Work instructions: With the pictures left aside, write out exactly the lines of the listing below from the line with "I’ve been waiting" to the line with "กระบอกน้ำสแตนเลส จอแสดงผล LED", both included, and only those.

***** Data excerpts

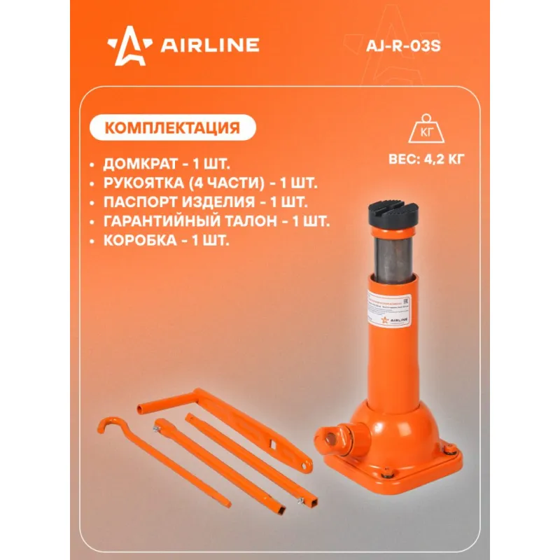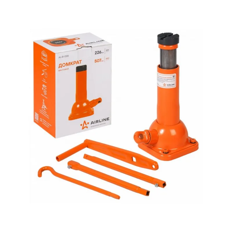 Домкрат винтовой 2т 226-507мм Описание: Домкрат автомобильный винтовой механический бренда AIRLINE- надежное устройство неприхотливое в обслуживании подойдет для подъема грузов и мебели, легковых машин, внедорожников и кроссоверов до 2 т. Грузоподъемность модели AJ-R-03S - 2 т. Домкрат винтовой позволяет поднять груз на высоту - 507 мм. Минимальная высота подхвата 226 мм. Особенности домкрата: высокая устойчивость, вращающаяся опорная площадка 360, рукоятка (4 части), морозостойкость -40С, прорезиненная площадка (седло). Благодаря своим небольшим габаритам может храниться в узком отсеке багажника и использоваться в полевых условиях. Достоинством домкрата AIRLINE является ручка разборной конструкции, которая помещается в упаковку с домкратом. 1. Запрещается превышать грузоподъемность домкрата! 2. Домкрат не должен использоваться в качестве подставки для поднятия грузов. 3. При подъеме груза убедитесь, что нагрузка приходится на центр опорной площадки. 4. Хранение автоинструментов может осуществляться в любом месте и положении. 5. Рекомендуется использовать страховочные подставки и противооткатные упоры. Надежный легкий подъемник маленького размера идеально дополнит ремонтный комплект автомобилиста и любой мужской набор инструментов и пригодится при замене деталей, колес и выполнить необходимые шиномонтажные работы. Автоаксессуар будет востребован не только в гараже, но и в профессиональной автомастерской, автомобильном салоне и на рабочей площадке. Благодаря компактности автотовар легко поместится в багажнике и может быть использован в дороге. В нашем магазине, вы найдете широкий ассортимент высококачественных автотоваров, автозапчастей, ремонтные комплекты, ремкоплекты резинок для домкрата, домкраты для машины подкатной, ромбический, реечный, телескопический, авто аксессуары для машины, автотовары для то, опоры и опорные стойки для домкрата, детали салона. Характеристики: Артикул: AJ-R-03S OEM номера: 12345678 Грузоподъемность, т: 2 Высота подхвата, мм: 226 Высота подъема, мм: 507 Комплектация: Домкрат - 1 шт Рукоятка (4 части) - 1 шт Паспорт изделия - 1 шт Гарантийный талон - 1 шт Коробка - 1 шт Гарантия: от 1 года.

**********
***** Data excerpts

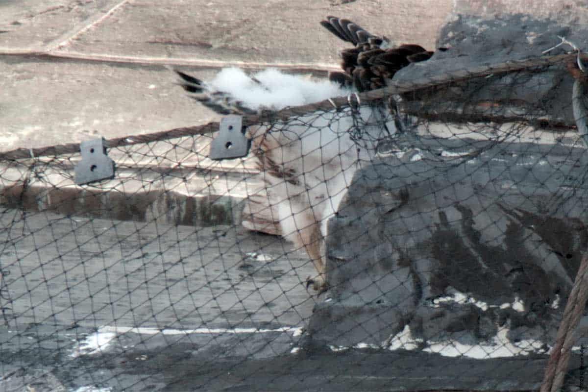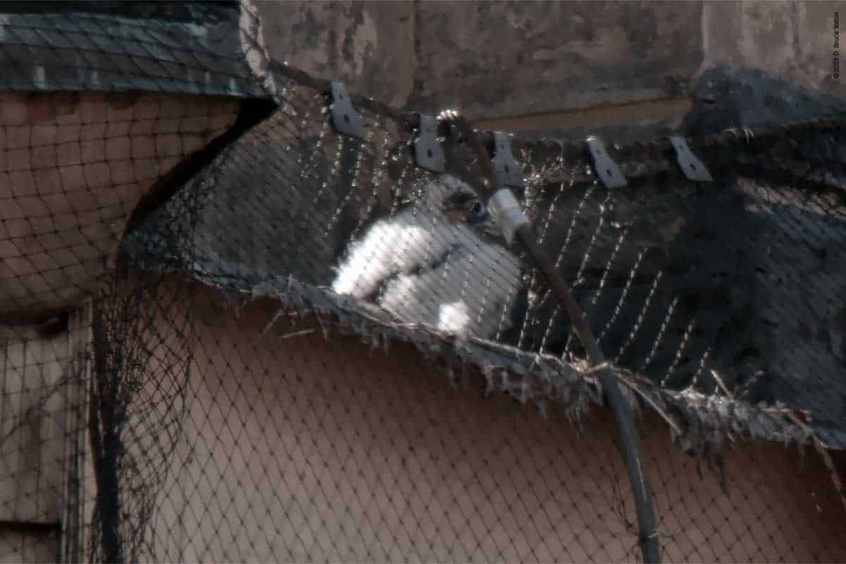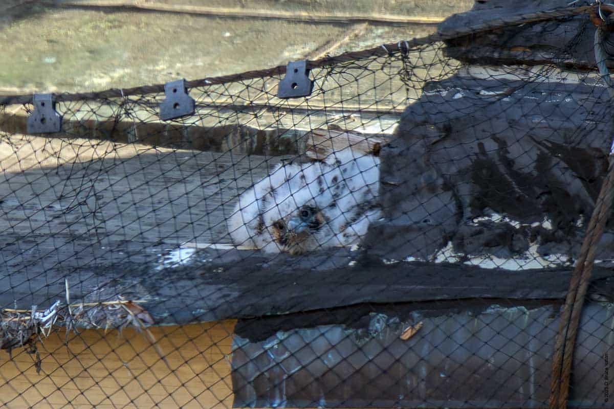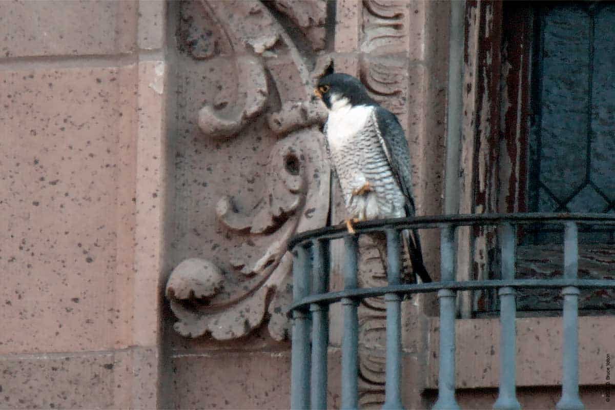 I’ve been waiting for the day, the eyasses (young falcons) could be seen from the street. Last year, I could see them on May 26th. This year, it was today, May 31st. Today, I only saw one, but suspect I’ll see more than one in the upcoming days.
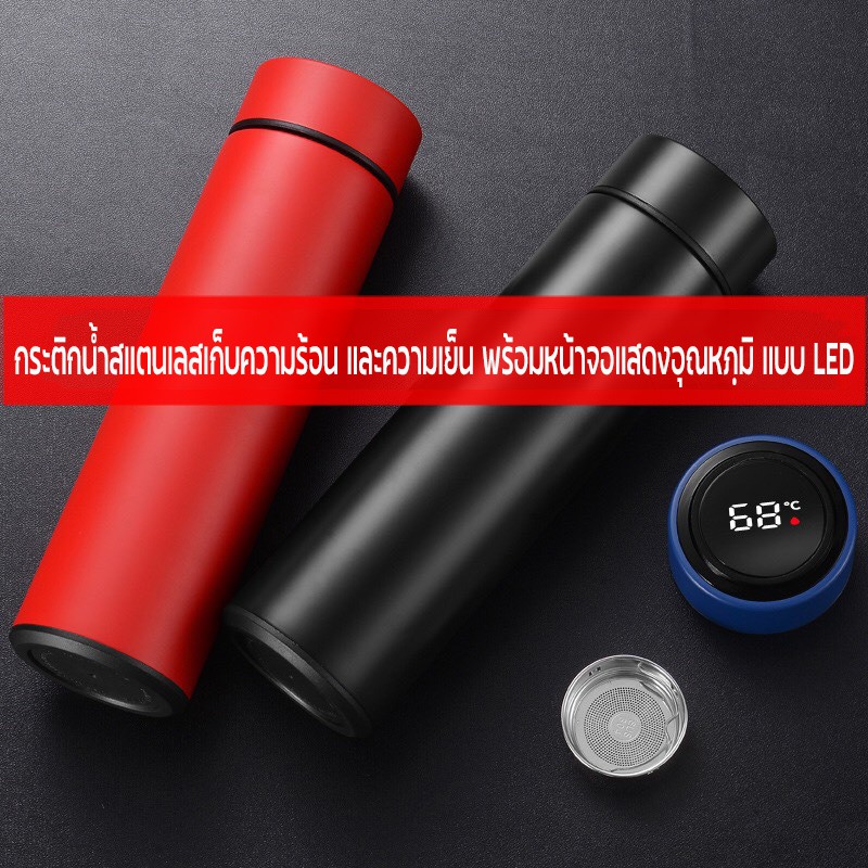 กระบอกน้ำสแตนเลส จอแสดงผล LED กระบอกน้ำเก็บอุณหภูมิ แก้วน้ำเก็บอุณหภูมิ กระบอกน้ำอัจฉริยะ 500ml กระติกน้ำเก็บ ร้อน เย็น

**********
***** Data excerpts

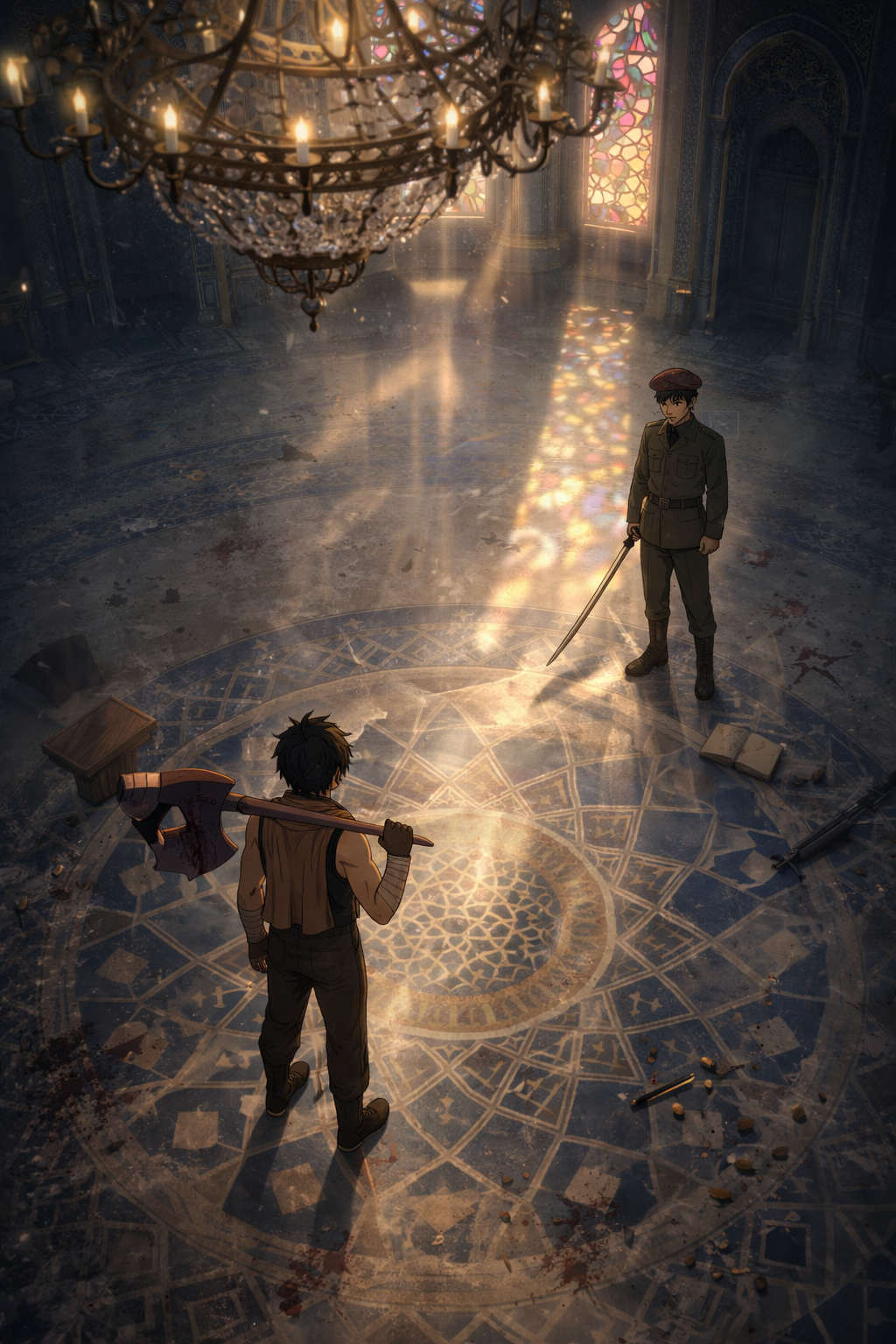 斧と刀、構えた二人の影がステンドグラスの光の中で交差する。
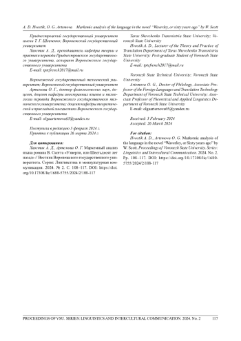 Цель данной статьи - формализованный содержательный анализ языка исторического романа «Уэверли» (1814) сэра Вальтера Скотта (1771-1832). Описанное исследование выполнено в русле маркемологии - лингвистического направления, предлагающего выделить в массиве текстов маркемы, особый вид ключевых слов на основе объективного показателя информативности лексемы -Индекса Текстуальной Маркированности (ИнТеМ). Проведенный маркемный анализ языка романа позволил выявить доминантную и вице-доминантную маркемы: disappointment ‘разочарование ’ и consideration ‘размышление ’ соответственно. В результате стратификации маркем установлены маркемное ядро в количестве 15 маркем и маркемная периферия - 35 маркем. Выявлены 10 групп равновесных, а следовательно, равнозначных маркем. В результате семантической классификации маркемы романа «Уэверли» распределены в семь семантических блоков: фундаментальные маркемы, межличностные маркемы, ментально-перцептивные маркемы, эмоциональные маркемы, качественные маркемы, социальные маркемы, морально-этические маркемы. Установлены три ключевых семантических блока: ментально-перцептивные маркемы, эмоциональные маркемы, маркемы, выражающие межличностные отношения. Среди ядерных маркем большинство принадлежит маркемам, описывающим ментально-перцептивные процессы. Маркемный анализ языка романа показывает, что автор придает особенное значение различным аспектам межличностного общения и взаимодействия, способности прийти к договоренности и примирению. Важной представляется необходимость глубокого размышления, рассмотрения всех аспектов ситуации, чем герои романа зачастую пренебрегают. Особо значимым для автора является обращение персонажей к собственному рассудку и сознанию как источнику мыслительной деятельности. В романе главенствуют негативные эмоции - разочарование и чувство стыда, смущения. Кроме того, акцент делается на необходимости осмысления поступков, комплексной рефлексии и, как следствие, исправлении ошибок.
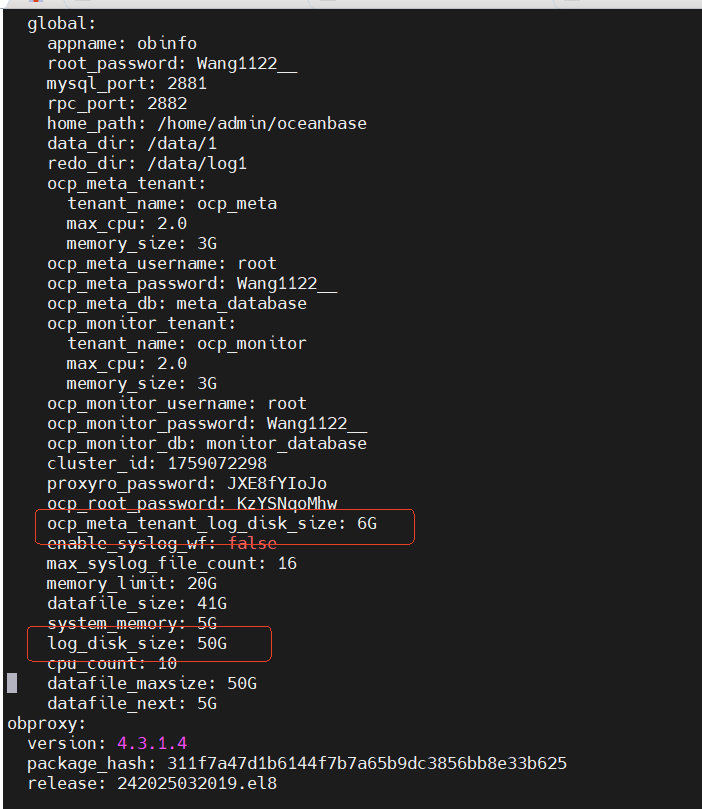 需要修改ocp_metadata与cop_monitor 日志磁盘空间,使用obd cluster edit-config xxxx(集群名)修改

**********

Written response:
 I’ve been waiting for the day, the eyasses (young falcons) could be seen from the street. Last year, I could see them on May 26th. This year, it was today, May 31st. Today, I only saw one, but suspect I’ll see more than one in the upcoming days.
 กระบอกน้ำสแตนเลส จอแสดงผล LED กระบอกน้ำเก็บอุณหภูมิ แก้วน้ำเก็บอุณหภูมิ กระบอกน้ำอัจฉริยะ 500ml กระติกน้ำเก็บ ร้อน เย็น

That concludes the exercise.